» RAW DATA:
__________
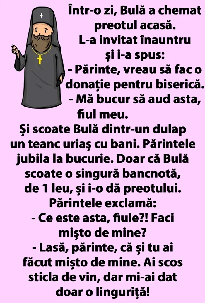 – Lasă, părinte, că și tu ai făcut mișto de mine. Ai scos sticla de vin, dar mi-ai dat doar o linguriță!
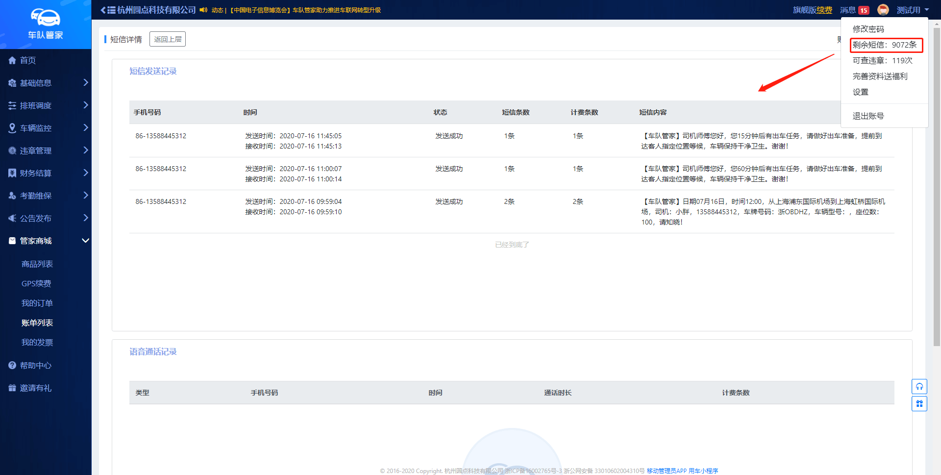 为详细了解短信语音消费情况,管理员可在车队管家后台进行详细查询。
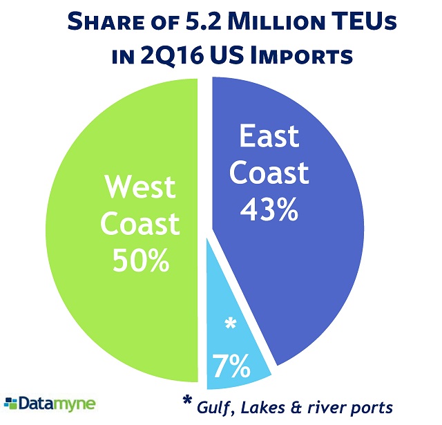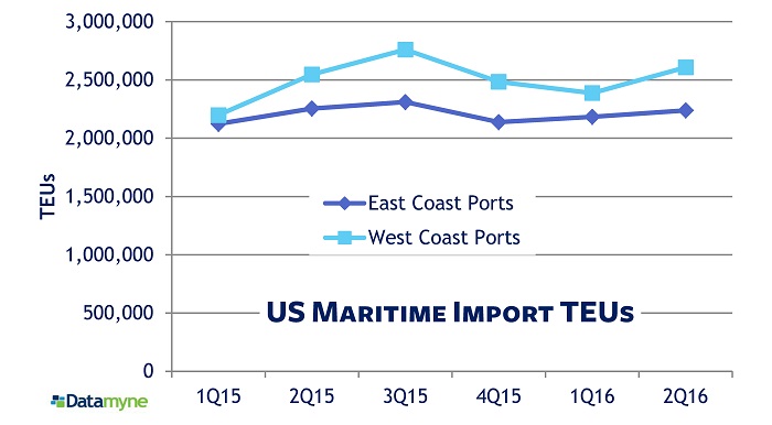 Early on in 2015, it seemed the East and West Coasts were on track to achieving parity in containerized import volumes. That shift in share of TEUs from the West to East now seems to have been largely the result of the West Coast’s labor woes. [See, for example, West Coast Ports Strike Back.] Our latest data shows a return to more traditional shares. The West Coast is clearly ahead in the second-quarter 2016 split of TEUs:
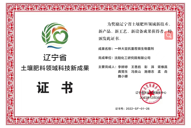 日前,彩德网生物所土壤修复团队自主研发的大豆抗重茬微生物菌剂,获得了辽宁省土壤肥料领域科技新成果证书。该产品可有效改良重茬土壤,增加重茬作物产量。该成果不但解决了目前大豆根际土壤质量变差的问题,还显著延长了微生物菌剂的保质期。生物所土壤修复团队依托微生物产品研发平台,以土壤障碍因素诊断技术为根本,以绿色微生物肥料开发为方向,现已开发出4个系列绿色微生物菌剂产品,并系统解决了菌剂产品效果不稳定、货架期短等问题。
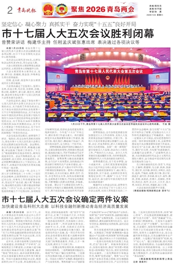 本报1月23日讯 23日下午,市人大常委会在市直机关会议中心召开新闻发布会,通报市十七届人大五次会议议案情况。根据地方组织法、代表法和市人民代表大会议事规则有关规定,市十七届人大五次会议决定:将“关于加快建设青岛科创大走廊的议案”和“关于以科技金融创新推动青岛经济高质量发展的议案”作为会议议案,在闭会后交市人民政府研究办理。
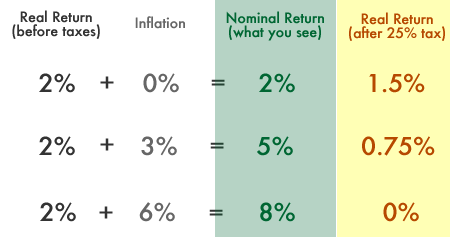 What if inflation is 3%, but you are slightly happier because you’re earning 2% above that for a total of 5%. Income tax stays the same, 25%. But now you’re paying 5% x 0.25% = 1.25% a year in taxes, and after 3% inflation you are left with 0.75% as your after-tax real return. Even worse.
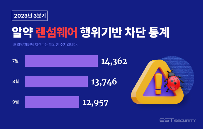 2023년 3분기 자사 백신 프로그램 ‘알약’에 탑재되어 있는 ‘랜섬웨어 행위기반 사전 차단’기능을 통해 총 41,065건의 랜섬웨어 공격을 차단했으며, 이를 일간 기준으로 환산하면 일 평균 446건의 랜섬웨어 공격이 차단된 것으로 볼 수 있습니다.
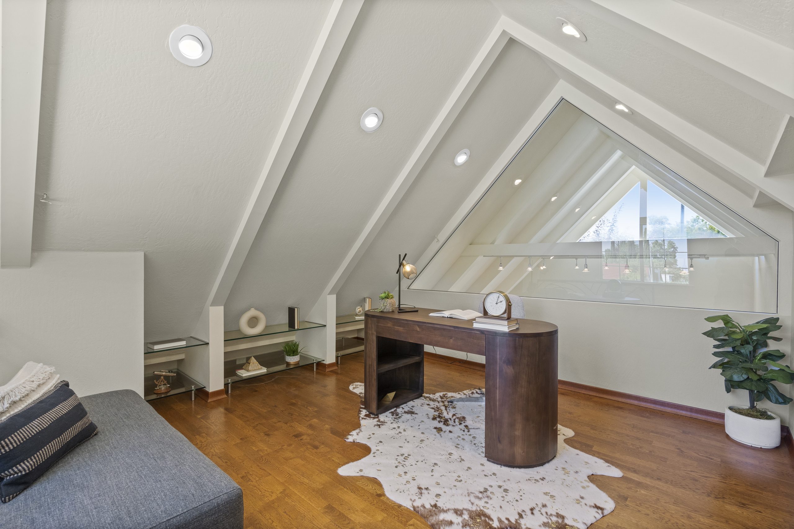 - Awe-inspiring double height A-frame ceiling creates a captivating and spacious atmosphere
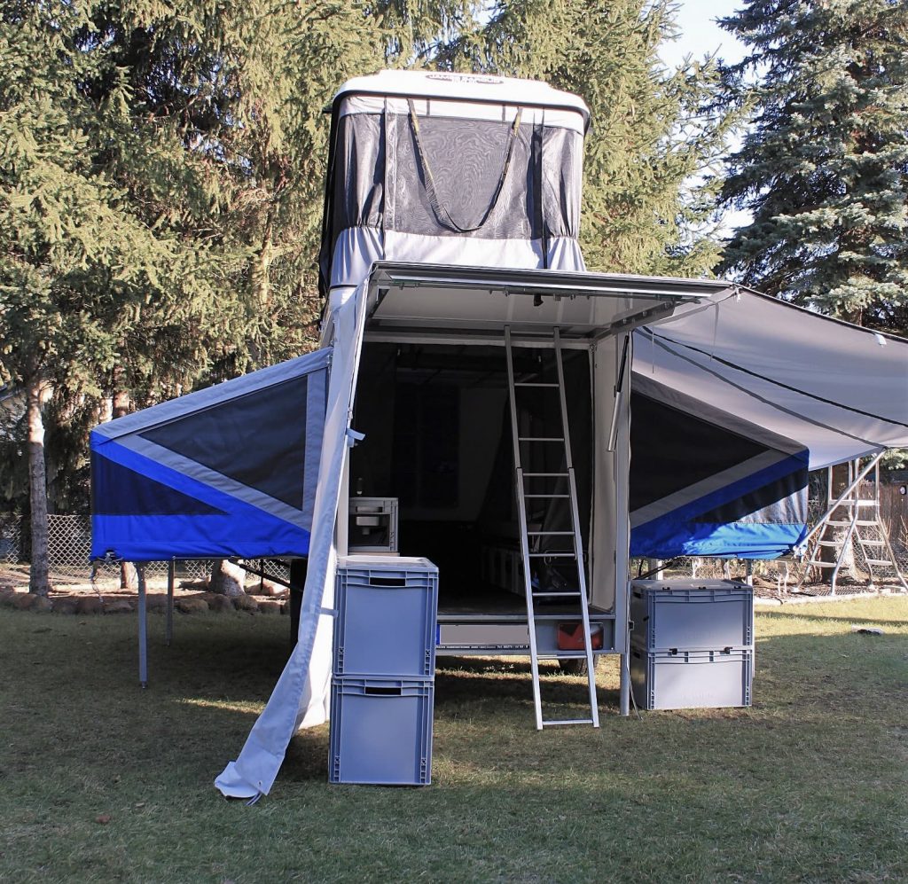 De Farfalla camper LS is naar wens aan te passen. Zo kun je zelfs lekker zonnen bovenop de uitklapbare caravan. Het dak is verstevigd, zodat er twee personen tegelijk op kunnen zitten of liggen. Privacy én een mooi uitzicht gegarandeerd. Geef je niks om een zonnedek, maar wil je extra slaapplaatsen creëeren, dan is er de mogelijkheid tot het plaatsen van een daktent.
__________
» YOUR OBJECTIVE:
Everything from the first line of the listing above through the line that contains "Early on in" is to be restated word for word, minus the pictures.

» ANSWER BELOW:
 – Lasă, părinte, că și tu ai făcut mișto de mine. Ai scos sticla de vin, dar mi-ai dat doar o linguriță!
 为详细了解短信语音消费情况,管理员可在车队管家后台进行详细查询。
 Early on in 2015, it seemed the East and West Coasts were on track to achieving parity in containerized import volumes. That shift in share of TEUs from the West to East now seems to have been largely the result of the West Coast’s labor woes. [See, for example, West Coast Ports Strike Back.] Our latest data shows a return to more traditional shares. The West Coast is clearly ahead in the second-quarter 2016 split of TEUs:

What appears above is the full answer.